O prof. A. Montenegro quis apenas fazer obra de sistematização histórica e evitou, portanto, a apologia e a censura. Cumpriu o seu dever de historiador; daí o encanto do seu livro como construção intelectual. Os factos surgem e decorrem como se os movesse o imperativo finalista do Direito; e assim sistematizou a vasta matéria em dois grandes tópicos ou tendências capitais, a saber: a expansão espacial, e a evolução em profundidade.

Na dilatação espacial, isto é, na irradiação do Direito para círculos sucessivamente mais largos, o autor mostra como o Direito, que primitivamente vigorou pela autoridade social e religiosa do pater no seio de cada família, fora da qual havia o reino do facto, se estendeu ao agregado mais vasto, a que dá o nome sintético de casta, a qual, na ordem civil, generaliza concavenando-os, os direitos das diversas famílias, e na ordem política funda o patriciado, então único e verdadeiro no povo romano.

Com a aprovação das XII Tábuas surge a igualdade civil entre os romanos — a mesma norma envolve patrícios e plebeus. É que o Direito ultrapassara a casta para senhorear a comuna; mas porque a civitas representava ainda um privilégio, os povos itálicos, primeiro, depois todos os membros livres do Império conquistaram os direitos do cidadão romano. Da comuna o Direito atingira o Estado. «O direito, que regera primeiro a família, depois a casta, em seguida a comuna, cingiu enfim todo o Estado.
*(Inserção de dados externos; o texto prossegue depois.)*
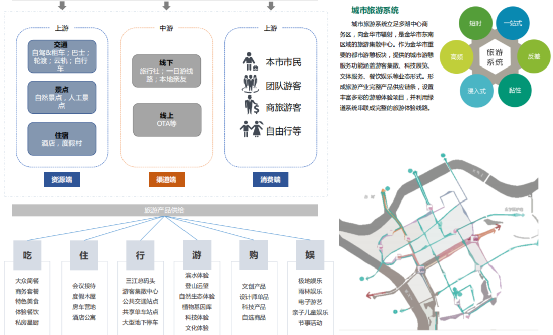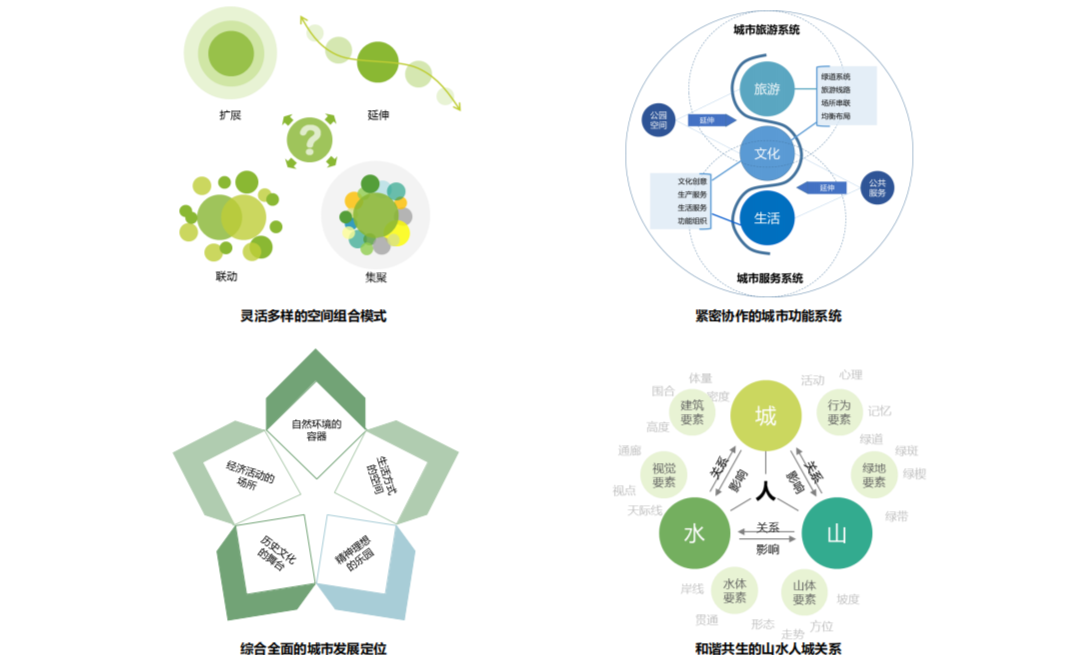 規(guī)劃以燕尾洲自然生態(tài)濕地、赤山公園生態(tài)山地的保護建設,以及巢塘湖水庫的改造為基礎,形成多湖地區(qū)以“濕地、山地、(人工)湖畔”三大主題為顯性特征的公園綠地體系。多湖地區(qū)水系豐富,規(guī)劃對現(xiàn)狀水系進行梳理的基礎上,規(guī)劃形成兩條濱水景觀綠帶。一條為以“C”字形帶狀公園為基礎,形成的一條多湖單元內(nèi)部以水為主題的濱水景觀綠帶,通過這條綠帶將中央金融、商業(yè)區(qū)、居住區(qū)、赤山公園和巢塘湖進行有機串聯(lián),形成不同的親水主題的景觀綠化帶。另一條為沿武義江、義烏江設置一定寬度的濱江景觀綠化帶,該綠帶串聯(lián)了燕尾洲生態(tài)濕地和赤山公園,為臨江文化和居住建筑營造出適宜的開放綠色空間。同時,規(guī)劃結(jié)合岸線一側(cè)的不同功能情況,營建不同風格主題的岸線景觀。

Ao cabo de séculos de luta triunfava do privilégio a igualdade legal» —, tal é a conclusão da primeira parte.

Além da irradiação espacial, o direito romano obedeceu ao impulso de penetração, isto é, dá margem em profundidade: naquela «a civitas foi a praça a conquistar»; nesta, «foi a potestas o baluarte a desmoronar», e para aluir o absolutismo do pater, travou-se luta contra a manus, a tutela perpétua, o pátrio poder e o poder dominical».

Para surpreender esta penetração do Direito o autor conduz-nos com mestria, segurança e sedução literária ao espetáculo das transformações daquela «pequena Sociedade de costumes singelos, onde o pai velava diligente os interesses da família, e a virtuosa matrona se confinava no estreito aposento comum, entretida a fiar lã e tecer pano».